All subclasses of `OSObject` must declare and define one of IOKit's
`OSDeclare*` and `OSDefine*` macros. As part of those, an `operator new` and
`operator delete` are injected that force objects to enroll into `kalloc_type`.

Note that idiomatic IOKit is supposed to use `OSTypeAlloc(Class)`.

### Other classes

Unlike `OSObject` subclasses, regular C++ classes must adopt typed allocators
manually. If your struct or class is POD (Plain Old Data), then replacing usage of
`new/delete` (resp. `new[]/delete[]`) with `IOMallocType/IOFreeType` (resp.
`IONew/IODelete`) is safe.

However, if you have non default structors, or members of your class/struct
have non default structors, you will need to manually enroll it into `kalloc_type`.
This can be accomplished through one of the following approaches, and it lets you
to continue to use C++'s new and delete keywords to allocate/deallocate instances.

The first approach is to subclass the IOTypedOperatorsMixin struct. This will
adopt typed allocators for your class/struct by providing the appropriate
implementations for `operator new/delete`:

```cpp
struct Type : public IOTypedOperatorsMixin<Type> {
    ...
};
```

Alternatively, if you cannot use the mixin approach, you can use the
`IOOverrideTypedOperators` macro to override `operator new/delete`
within your class/struct declaration:

```cpp
struct Type {
    IOOverrideTypedOperators(Type);
    ...
};
```

Finally, if you need to decouple the declaration of the operators from
their implementation, you can use `IODeclareTypedOperators` paired with
`IODefineTypedOperators`, to declare the operators within your class/struct
declaration and then provide their definition out of line:

```cpp
// declaration
struct Type {
    IODeclareTypedOperators(Type);
    ...
};

// definition
IODefineTypedOperators(Type)
```

When a class/struct adopts typed allocators through one of those approaches,
all its subclasses must also explicitly adopt typed allocators. It is not
sufficient for a common parent within the class hierarchy to enroll, in order to
automatically provide the implementation of the operators for all of its children:
each and every subclass in the class hierarchy must also explicitly do the same.

### The case of `operator new[]`

The ABI of `operator new[]` is unfortunate, as it denormalizes
data that we prefer to be known by the owning object
(the element sizes and array element count).
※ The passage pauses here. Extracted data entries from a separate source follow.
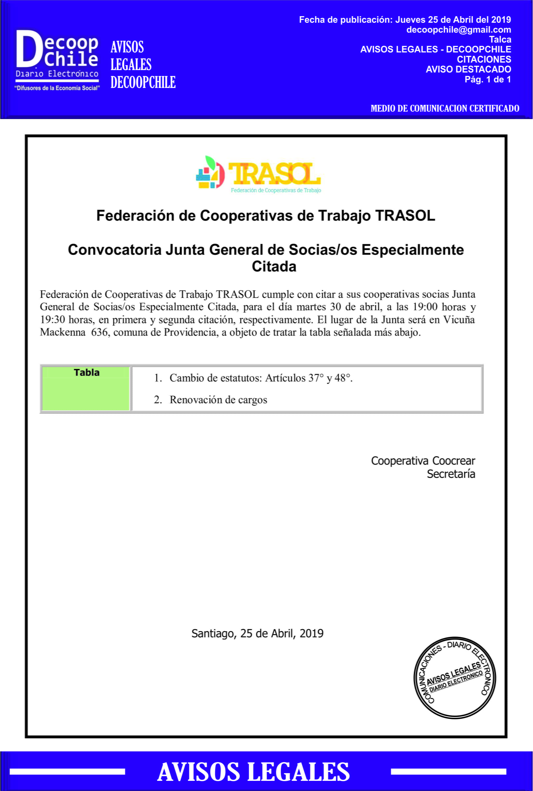 Se cita a Junta de Socios de la Federación de Cooperativas de Trabajo TRASOL, que se llevará a cabo el próximo 30 de Abril.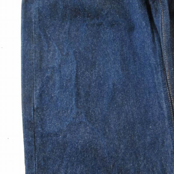 ワンウォッシュ入っている状態で、シワ部分の薄い色落ち、保管時の薄汚れなどがあります。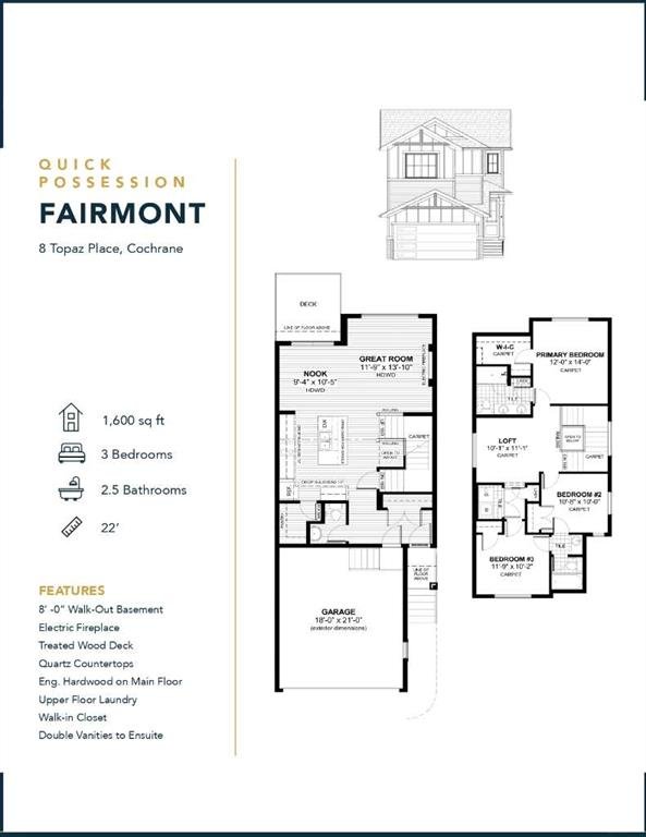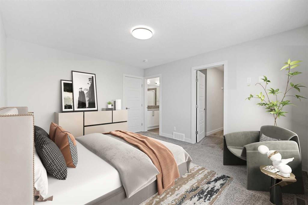 BRAND NEW HOME by Douglas Homes, Master Builder in central Greystone, short walking distance to parks, the Bow River, major shopping & interconnected pathway system. Featuring the Fairmont with a south facing back yard, walkout basement, deck off the main floor accented by built out columns on an R-MX zoned lot for POTENTIAL future lower level suite. NOTE: a secondary suite would be subject to approval and permitting by the city/municipality. Located on a quiet street, very close two Children’s Play Parks & paved back lane. This gorgeous 3 bedroom, 2 & 1/2 half bath home offers 1600 sq ft of living space. Loads of upgraded features in this beautiful, open floor plan. The main floor greets you with a grand glazed 8′ front door, soaring 9′ ceilings, oversized windows , & 8′ 0″ passage doors. Distinctive Engineered Hardwood floors flow through the Foyer, Hall, Great Room, Kitchen & Nook adding a feeling of warmth & style. The Kitchen is completed with an oversized entertainment island (7’0″ single level island) & breakfast bar, roomy closet pantry with 8’0″ French Door , Quartz Countertops, 42″ Cabinet Uppers accented drop bulkhead, Pots & Pans Drawers, soft close doors & drawers throughout, new stainless appliance package including Side by Side Fridge with Ice & Water Feature, Microwave/Hood Fan combo over the stove , Gas Range, Fridge & built-in Dishwasher. The main floor is completed with an expansive, open Great Room & Nook finished with over height windows & Napoleon “Entice” fireplace. Upstairs you’ll find a generous Primary Bedroom with 4 piece Ensuite including dual Quartz vanities with undermounted sinks, oversized 5’0″ x 3’0″ shower, Linen cubby, & ceramic tile flooring. There is also a nicely sized walk-in closet accessed from the Primary Bedroom. The 2nd floor is completed by a spacious, centralized family Loft & 2 good size additional bedrooms with double door closets. The 2nd & 3rd bedrooms have the convenience of a Jack & Jill main bath with Quartz countertop, undermounted sink & tile flooring. You’re certain to love the convenience of the 2nd Laundry Room completed with large access doors, light & tile flooring. Spacious, Beautiful and Elegant! The perfect place for your perfect home. Call today! Photos are from prior build & are reflective of fit, finish & included features. Note: Front elevation of home & interior photos are for illustration purposes only. Actual elevation style, interior colors/finishes, & upgrades may be different than shown & the Seller is under no obligation to provide them as such. Directions: Come to the Show Home first located at 500 River Avenue. Showings only during Show Home hours & days.

It also makes those allocations ripe for abuse in an adversarial
context as this denormalized information is at the begining
of the structure, making it relatively easy to attack with
out-of-bounds bugs.

For this reason, the default variants of the mixin and the macros
presented above will delete the implementation of `operator new[]`
from the class they are applied to.

However, if those must be used, you can add adopt the typed
allocators on your class by using the appropriate variant
which explicitly implements the support for array operators:
- `IOTypedOperatorsMixinSupportingArrayOperators`
- `IOOverrideTypedOperatorsSupportingArrayOperators`
- `IO{Declare, Define}TypedOperatorsSupportingArrayOperators`

### Scalar types

The only accepted ways of using `operator new/delete` and their variants are the ones
described above. You should never use the operators on scalar types. Instead, you
should use the appropriate typed allocator API based on the semantics of the memory
being allocated (i.e. `IOMallocData` for data only buffers, and `IOMallocType`/`IONew`
for any other type).

### Wrapping C++ type allocation in container OSObjects

The blessed way of wrapping and passing a C++ type allocation for use in the
libkern collection is using `OSValueObject`. Please do not use `OSData` for this
purpose as its backing store should not contain kernel pointers.

`OSValueObject<T>` allows you to safely use an `OSData` like API surface
wrapping a structure of type `T`. For each unique `T` being used, the
`OSValueObject<T>` must be instantiated in a module of your kernel extension,
using `OSDefineValueObjectForDependentType(T);`.